Film Preview: The Cineroleum

Dean Nicholas
By Dean Nicholas Last edited 164 months ago

Last Updated 09 August 2010

Film Preview: The Cineroleum

A former petrol station on Clerkenwell Road is being imaginatively re-developed into a pop-up cinema.

The empty forecourt, which recently held the closing party for the London Festival of Architecture, will be converted into The Cineroleum. It opens on Friday, August 20th, and is, in the words of the people behind it, designed to "[celebrate] the extravagance and ceremony of the picture palace". It's being hand-built mostly from found and donated materials; they're even building the flip-down seats, which don't really look comfortable enough to, say, sit through the entirety of Heimat on.

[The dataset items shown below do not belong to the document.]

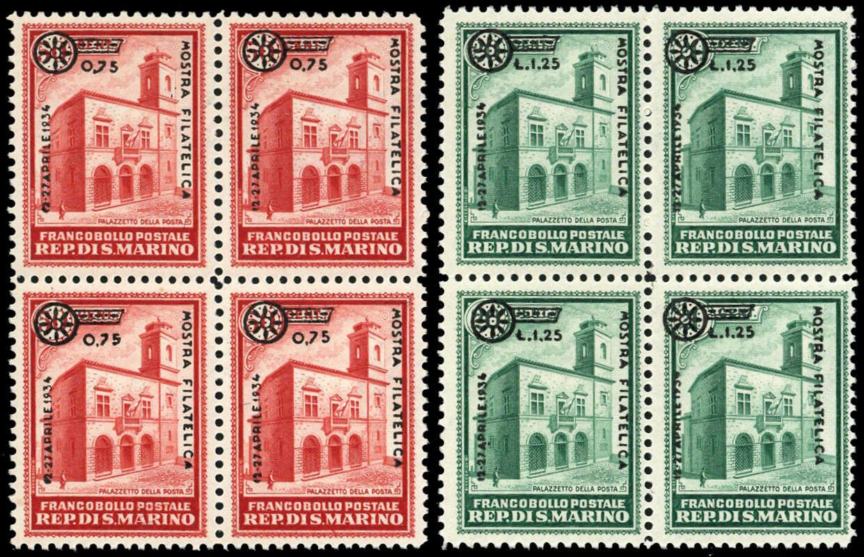 1934, 4 Werte Postgebäude mit Überdruck im tadellos postfrischen 4-er Block- Satz (ME 720.-)
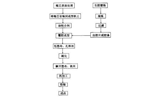 橡膠膠輥的成型過(guò)程與其他固體橡膠制品相類(lèi)似的是混煉膠的制備,即首先需用大功率開(kāi)煉機(jī)對(duì)某些生膠進(jìn)行塑煉,賦予生膠塑性,便于以后的成型加工然后將生膠或塑煉膠與各種配合劑放人密煉機(jī)中進(jìn)行均勻混合。因?yàn)槟z輥表面要求很高,膠料中不能混人任何雜質(zhì),否則會(huì)嚴(yán)重影響其使用性能,因此膠料混煉后必須進(jìn)行過(guò)濾,而后是壓片、壓延,即壓出薄厚均勻的膠片,以備下道成型工序使用,成型工序是膠輥生產(chǎn)中的一個(gè)重要環(huán)節(jié),其方法也多種多樣,本文將在后面著重介紹成型工序中的成型方法及特點(diǎn)一道工序是將已成型膠輥包上布、并用鐵絲扎緊,送人硫化罐硫化。硫化后還需車(chē)磨,以保證餃輥表面的光潔度和尺寸精度。橡膠餃輥的加工工藝流程如下: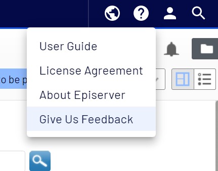 In EPiServer.CMS.UI 11.31.0, a new option "Give Us Feedback" is added to the help menu in the top platform navigation.

Luckily, none of the films are likely to trouble your glutes too badly. The line-up is mostly mid- to late 20th century American classics with a few early European films thrown in too. Highlights include: Rebel Without A Cause on the opening night; a pair of Fritz Lang classics, M on September 5th and the restored version of Metropolis (which is getting a major re-release this year) on September 11th; Night of the Living Dead on September 3rd; and Alphaville on August 28th — an apt choice, as the film used Paris' urban desolation of the 1960s as the setting for a dystopian detective story. For more details see the full list of films. Tickets cost £5, and go on sale from today, Monday, August 9th.

The Cineroleum is part of a growing trend of films being shown in unlikely locations. Secret Cinema has proved very successful, while last year a Werner Herzog season concluded with a screening in an old biscuit factory. Earlier this year the Aubin opened in Shoreditch and we had a pop-up cinema in Portobello Road. A reaction, perhaps, to the stagnant atmosphere found in the Vues and Odeons of this world?